For a long time John Graham manfully fulfilled the obligations which had fallen upon him. Day by day he went out to his work, with the feeling that he had others dependent upon him, and that he must not flag in his exertions on their behalf; and night by night he returned home, to enjoy the company of the little pair who owed him so much. None but himself could tell his feelings of happiness, as he took the two children, one on each knee, and heard them repeat their evening hymn; or the joy that he felt when he brought them home whatever little article of clothing they stood most in need of; he had a thousandfold more real happiness than if he had spent everything upon himself. And thus, dear reader, it must ever be, for it is in every sense“ more blessed to give than to receive." There was not in Mr. Steel's employment a happier boy than John Graham; others were what the world

calls gayer, they had apparently more outward pleasures, they were better dressed, and made a greater show; but John had a pleasure which surpassed all that the others enjoyed ; the little while that he spent every evening with the twins was more than a compensation for all that he had to forego; and although he felt conscious that there was a solemnity over his existence which was not over that of others, he would not have changed with them. As to the twins, they were good children, and never gave him any uneasiness, except from their having to be so much alone. Mrs. Curtis had been obliged to remove, and there was now no one in the house to whom he could entrust them when he was away. So long as this good woman had been at hand, he knew that they never wanted a friendly eye to see after them; but she and her family had removed to the country, and the little Grahams did not get very agreeable neighbours in their place. It is true, that all day long they were at school; their brother paid sixpence a week to the charwoman of the school to fetch them, and see them home every afternoon; as to dinner, the poor little things took whatever they had to eat with them, and remained there quietly with two or three other children, who lived too far away to return home to dinner. As soon, however, as school was over, the little ones had no one to look after them, and they

spent from that time until their brother came home entirely by themselves. At times when he was late they felt lonely, but in general they found plenty to do. Young as they were, they swept the room, they boiled the water, they made the bed, and there were few rooms sweeter and nicer than the little one where these tiny hands did all the work. To such as are reared in affluence and luxury, this will perhaps seem strange; but the children of the poor are old before their time, and necessity makes them think and act beyond their years. This was now the case with the little Grahams; although so young, they had already done much for which they seemed little fitted. Their mother's illness had made them think, and often for days together scarce anything was done in her room except by their feeble hands. And they had a kind of pride in having John's supper ready for him when he came home, and in being good; for they had promised their mother that they would try and ever be so, before she died; and now they felt, they knew not why, as though not only God, but she were looking at them, and seeing whether they kept their word.

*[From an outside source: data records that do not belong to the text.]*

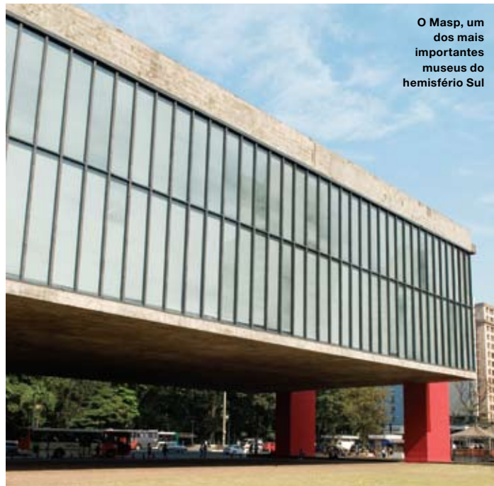
O Masp, um dos mais importantes museus do hemisfério Sul

Shopping Frei Caneca, tel. 3472-2365) e Reserva Cultural (Avenida Paulista, 900, tel. 3287-3529).
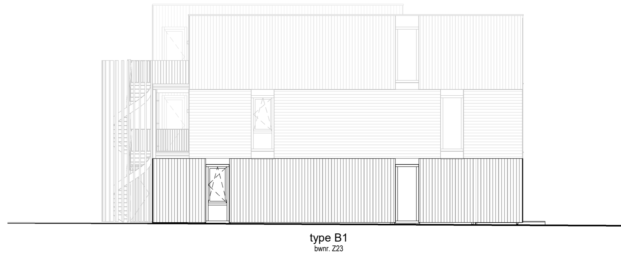
rechter zijgevel - Zandheugel 23
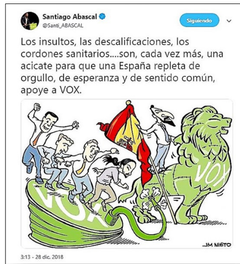
Figura 7. Captura de un tuit sobre referencias negativas hacia Vox

en general, agitación en toda la audiencia digital. Si 9.000 personas asistieron a Vistalegre, posteriormente, un total de 288.000 personas llegaron a expresarse a través de Twitter sobre el acto, acumulando un total de 942.000 tuits sobre Vox (Caballero, 2018). La ira y la excitación son las dos emociones que más invitan a actuar por lo que fueran comentarios negativos o positivos, un millón de personas hablaron sobre un acto de un partido sin representación durante los días posteriores. El tuit de Santiago Abascal en el que se incluye una ilustración de José María Nieto confirma elocuentemente que Vox sabe que las campañas negativas favorecen su éxito.

ALL would have been very well had the little family continued thus. Mr. Steel was so pleased with John Graham, that he had advanced his wages considerably; partly because he was now worth much more in the business, and partly because of the little ones under his care. Mr. Steel was a man that loved and feared God, and what he thus gave to John Graham, he gave as a contribution to the orphan. It was astonishing how well little Eddy and Mary got on with their lessons, and how very nicely they were able to read their Bibles. They gave promise of becoming pious and useful young people, and repaying their brother for his devotion, and self-denial, and care. A curse, however, was impending over this little family, and soon a terrible change came over their humble home. The “Golden Robin," which had already been the ruin of many a young man, extended its snares to John Graham, and he soon became an altered youth. He was first led to it by some business of his master's,-he had to receive some money there, and he was offered a drop by the landlord. At first he refused, and left the house the moment his business was settled; but as he had occasion to go there again

and again, he became more familiarised to the appearance of the place and people; and his ruin first commenced by stopping to read the papers which lay upon the table of the taproom, the door of which was open, and quite close to the counter where he was standing. It would never have entered into his head to have bought liquor; but one dreadfully wet day the landlord put a small, a very small glass of hot brandy-and-water before him, well sugared and well flavoured, and not withal too strong; and that commenced his ruin. Dear reader, you are in all probability just entering on life; shun the first drop, the first acquaintance with the public-house, the first tampering with drink. It is easy to say, “I will go just thus far, but no farther. I will take what I want and begone." You little know into what a snare you are rushing; what dangers are at hand, though unseen; where this beginning will end. The first drop has proved the ruin of many, both in body and in soul.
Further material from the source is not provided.